Red Black Tree
Recap of Deletion in a Binary Search Tree
In a Binary Search Tree, we end up deleting a node which is leaf or has one child.
The internal nodes are deleted by replacing it by its inorder successor.
Deletion in a Red Black Tree
Initially, we will delete a node just like we delete a node in a normal binary search tree. Here are the cases we will look at:
1) Red leaf node
2) Black node, with one red child node
3) Black leaf node
- In fithe rst case, the normal binary search tree delete is sufficient. Removing a red node does not change the black depths of any node, nor create a red child for any red node.
- In the second case, after we complete the binary search tree delete, we must simply recolor the child node of the deleted node to black. Changing this color adds one to the black depths of each node in the subtree of the deleted node, restoring the equality of the black depths of all external nodes. Also, changing a node to black does not violate any of the other Red-Black Tree specifications.
- Neither of the strategies mentioned above are adequate for dealing with the third case. Instead, when we patch in the child of the deleted node in this case, in order to temporarily preserve the black depth property, we will color this child node a fictitious "double black" color.
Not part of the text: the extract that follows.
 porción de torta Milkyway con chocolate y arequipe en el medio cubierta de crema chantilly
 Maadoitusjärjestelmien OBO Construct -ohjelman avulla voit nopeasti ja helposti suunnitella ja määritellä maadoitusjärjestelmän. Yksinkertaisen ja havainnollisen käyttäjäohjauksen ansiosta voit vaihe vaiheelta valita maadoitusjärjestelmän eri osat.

- Before we discuss how to deal with "double black" nodes, let's real quickly justify why the cases above are the only cases we will deal with. First off, we will only delete nodes with 0 or 1 child. Neither colored node can have one black child. If it did, the black height of the node's null child would not be proper. Further more, a red node can NOT have a red child. These observations narrow the cases to the situations listed above.
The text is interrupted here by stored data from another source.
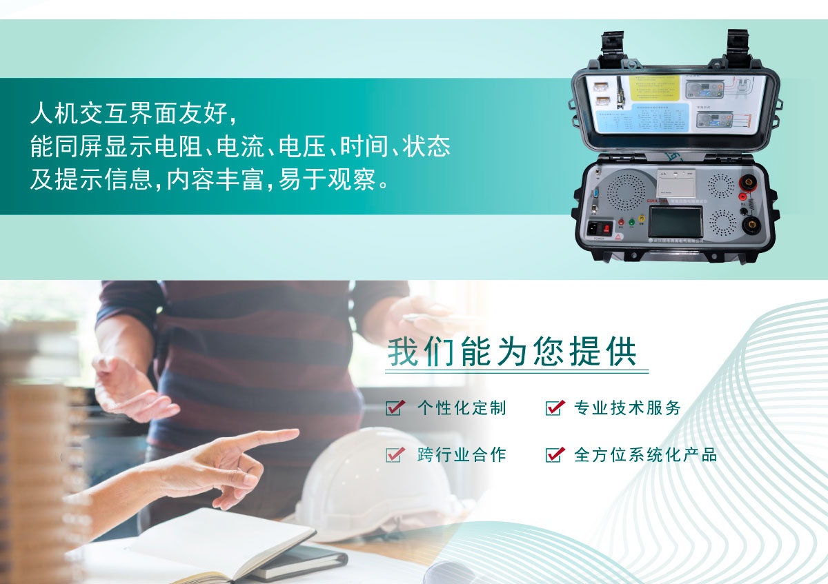 • 人機交互界面友好,能同屏顯示電阻、電流、電壓、時間、狀態(tài)及提示信息,內(nèi)容豐富,易于觀察
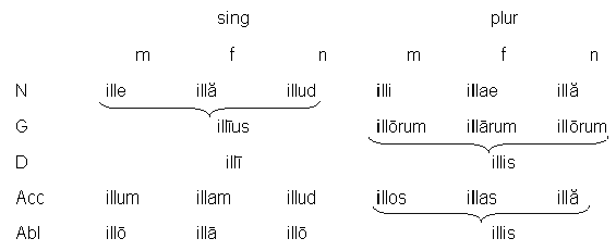 Местоимение iste и ipse склоняется как ille (но у ipse, ipsa, ipsum N. sing. и Acc. sing. имеют обычное -m в конце слова). У этих местоимений звук - + в окончании G. sing. долгий (несмотря на то, что после него идет гласный звук) и, следовательно, ударный: ist+um и т.д.
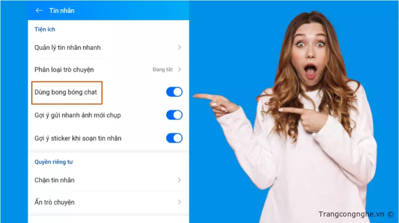 Nếu bạn đang bị lỗi bong bóng chat trên Zalo và không thể sử dụng tính năng yêu thích này thì đừng vội lo lắng. Dưới đây là một số mẹo nhỏ từ Trangcongnghe.vn sẽ giúp bạn có thể khắc phục tình trạng này một cách nhanh chóng.
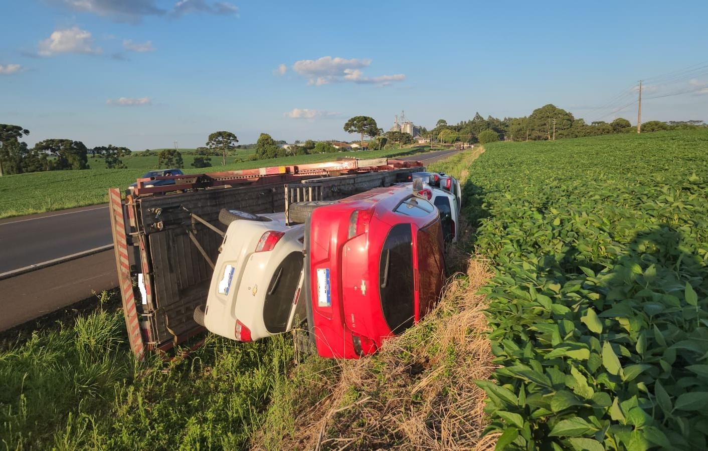 Uma carreta cegonha saiu da pista e tombou nas margens da BR-282 na madrugada desta quinta-feira (26). O veículo transportava sete carros de passeio, todos já usados.
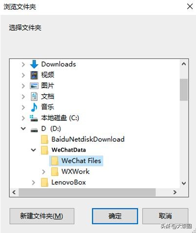 在D盘新建名为“WeChatData”的文件夹,选中该文件夹。
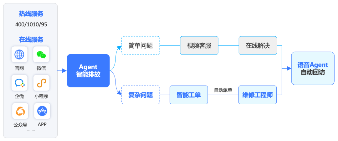 深刻理解客户需求后,天润融通依托全周期客户联络云平台,结合智能工单、在线客服、视频客服等产品,为其打造了一套智能化的售后服务系统。
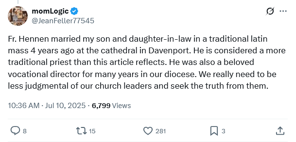 “Regarding Fr. Hennen, he was noted to have been a key contributor to the Diocese of Davenport’s 2023 Guidelines for Pastoral Accompaniment of Sexual and Gender Minorities, a document that appears to speak more about “inclusion” and “listening” than about conversion, repentance, or truth.

- The remaining cases with this "double black" node can be categorized as follows: 1) The sibling of the "double black" node is black and has a red child. 2) The sibling of the "double black" node is black and both children are black. 3) The sibling of the "double black" node is red. (Note that initially, even though the double black node is a null node, after starting the recoloring/restructuring process, we may create a double black node that is NOT null.)
- To deal with each of these situations, let's first set up names for all of the important nodes: 1) Let the child of the deleted node, which is colored "double black" be r. 2) Let y be the sibling of r. 3) Let z be a child of y, in each case, the specific child will be designated. 4) Let x be the parent of y.
Case 1: y is black and has a red child z.
This case corresponds to the transfer operation in a 2-4 Tree delete. Take the nodes, x, y, and z and relabel them a, b, and c, in their inorder ordering. Place b where x used to be, and then have a and c be the left and right children of x, respectively. Color a and c black, and color b whatever color x USED to be. This eliminates the "double black" problem, so we can stop here.
Case 2: y is black and both of its children are as well.
This case corresponds to a fusion operation in a 2-4 Tree. We deal with this case by just recoloring, instead of making any structural changes to the tree. In particular, we will color r black, (changing it from "double black") and then color y red. What this does is subtract one from the black depth of every external node in the subtree of x. To compensate for this, we must change x from red to black. BUT, this only works if x was red to begin with!!! If it's not, to maintain the "black depth" at the external nodes in the subtree rooted at x, we must color x "double black." In essence, if this occurs, we have pushed the "double black" node up the tree, much like a fusion operation can propogate another fusion operation.